Apple Pay eignet sich für Personen, die mit einem kompatiblen Apple-Gerät kontaktlos im Geschäft, in Apps oder online bezahlen möchten. Voraussetzung ist, dass die konkrete Karte vom Kartenaussteller unterstützt wird. Die technische Architektur reduziert die Weitergabe der ursprünglichen Kartendaten. Gleichzeitig bleiben Gebühren, Kartenlimits, Auslandskosten und die endgültige Zahlungsfreigabe von Bank, Karte und Händler abhängig.

Vor der Einrichtung sollten daher Kartenkompatibilität, mögliche Entgelte und die eigenen Geräteeinstellungen geprüft werden. Apple Pay kann die physische Karte im Alltag häufig ersetzen, ist aber keine Garantie dafür, dass jede Zahlung an jedem Terminal funktioniert.

Häufig gestellte Fragen

Q

Funktioniert Apple Pay auch ohne Internetverbindung?

Für viele Zahlungen am stationären Terminal benötigt das iPhone oder die Apple Watch keine eigene aktive Internetverbindung. Die Zahlung wird über NFC angestoßen . Terminal, Kartenaussteller und Zahlungsnetzwerk können für die Autorisierung jedoch weiterhin online kommunizieren. Einrichtung, Kartenverifikation und Onlinezahlungen benötigen in der Regel Internetzugang.

Q

Kann ich mit der Apple Watch ohne iPhone bezahlen?
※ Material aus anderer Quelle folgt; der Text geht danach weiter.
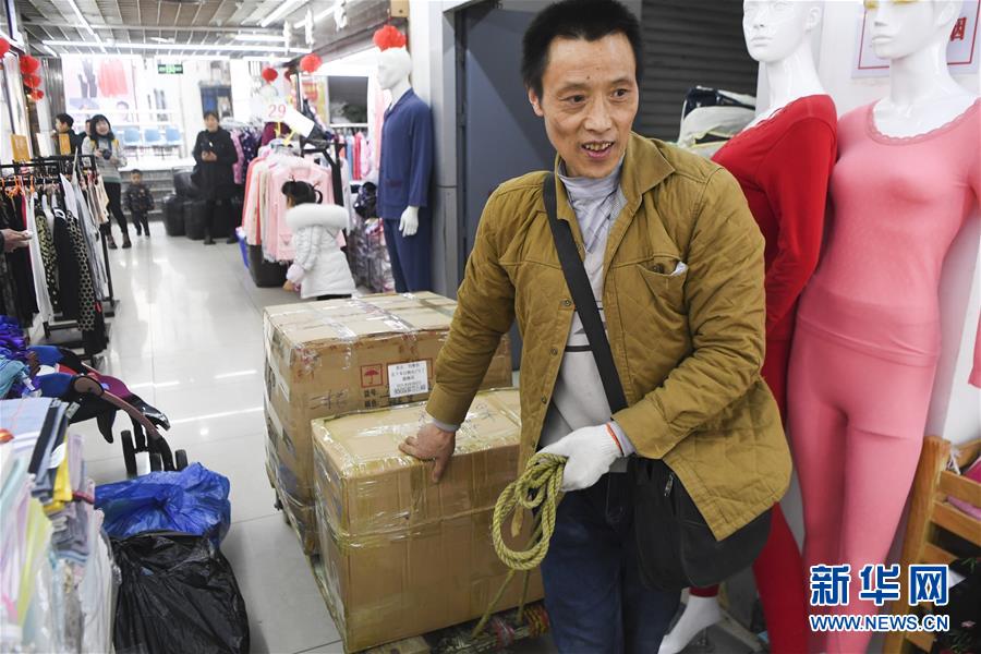 冉光辉在重庆朝天门大正商场内搬运货物(1月5日摄)。新华社记者王全超摄

Ja. Nach der Einrichtung kann die Apple Watch grundsätzlich eigenständig an kontaktlosen Terminals bezahlen . Das gekoppelte iPhone muss sich nicht in der Nähe befinden. Voraussetzung ist, dass die Karte auf der Watch eingerichtet wurde, die Uhr entsperrt ist und korrekt am Handgelenk getragen wird.

Q

Warum lässt sich meine Karte nicht zu Apple Pay hinzufügen?

Mögliche Gründe sind ein nicht unterstütztes Kartenprodukt , eine fehlgeschlagene Verifikation, veraltete Gerätesoftware oder fehlende Sicherheitseinstellungen. Auch der Apple Account, die Region oder eine Sperre durch den Kartenaussteller können eine Rolle spielen. Im Zweifel sollte die konkrete Kartenkompatibilität bei der Bank geprüft werden.

Q

Gibt es bei Apple Pay ein Zahlungslimit?

Apple Pay selbst legt kein einheitliches Zahlungslimit fest. Begrenzungen können sich aus Kartenlimit, Tageslimit, Kontodeckung, Händler, Terminal, Land oder Zahlungsnetzwerk ergeben. Da Zahlungen authentifiziert werden, sind oft auch höhere Beträge kontaktlos möglich. Eine allgemeine Zusage dafür gibt es jedoch nicht.

Q

Wie funktioniert eine Rückerstattung bei Apple Pay?

Die Erstattung wird in der Regel auf die ursprünglich verwendete Karte zurückgebucht . Händler können zur Zuordnung die letzten Ziffern der gerätespezifischen Accountnummer verlangen. Diese können von der physischen Kartennummer abweichen. Bis die Gutschrift sichtbar ist, können je nach Bank mehrere Tage vergehen.